Sometime over the last 15 years an animated-blockbuster formula was carved onto stone tablets by Disney. Take an odd coupling of bumbling animals, one large and fussy, the other small and volatile. Send them out on an adventure together with little but the charm of their celebrity voices to protect them, pit them against an antagonist of frothing hostility, and stand back as bumper-sticker lessons about friendship and loyalty crowd the screen.
Open Season follows this formula to the letter. A domesticated grizzly bear (Martin Lawrence) and mule-deer sidekick (Ashton Kutcher) try to find their way back home after being deposited deep in the woods, fighting off a delusional hunter and becoming best friends as they go. The movie is long on manic energy and bathroom humor but short on real storytelling, emotion or characters.
I realize we're talking about a children's movie here, and the horde of 5-year-olds at the screening I went to seemed to like Open Season just fine. But even kids deserve movies that strive to be inventive and surprising rather than just lazy, clichéd, prepackaged nonsense. They're our future, after all.

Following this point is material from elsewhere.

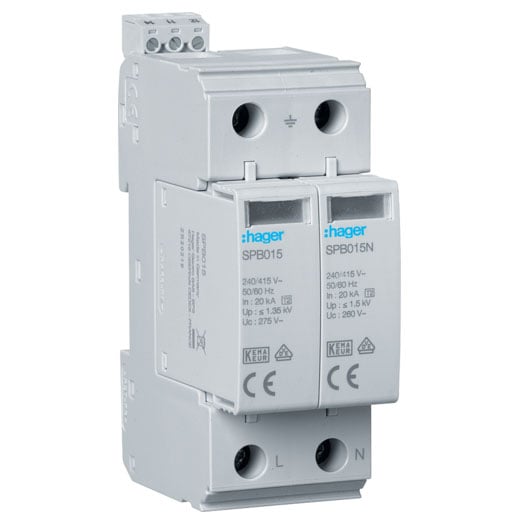 Descărcător de supratensiune Hager tip 2, 2 poli, 40kA, compatibil cu sistemele TT și TN-S. Dotat cu contact de semnalizare defect și indicator vizual de stare. Tensiune nominală de funcționare 275VAC, tensiune de descărcare 1.35kV. Protecție eficientă împotriva supratensiunilor tranzitorii în rețelele electrice. Produsul face parte din gama de protecție împotriva supratensiunilor pentru alimentarea cu energie electrică, fiind potrivit pentru configurații de sistem TN-C-S, TN-S și TT. Cartuș T2 L-N cu caracteristici tehnice superioare pentru o protecție optimă a instalațiilor electrice.

I worry about a generation of kids who grow up watching movies that mistake clamor for originality, irony for imagination, and pop-culture references for storytelling. I worry about a generation of kids who think Ashton Kutcher is funny.
The directors of Open Season had hands in creating classics like The Lion King, Monsters, Inc. and Toy Story, and they do an admirable job of making their movie sparkle with CGI glitter. But Open Season remains little more than paint-by-numbers filmmaking, and it fails in the most important charge of any children's movie: to transport its impressionable audience to a world where anything is possible, rather than to one where everything's been thought of already.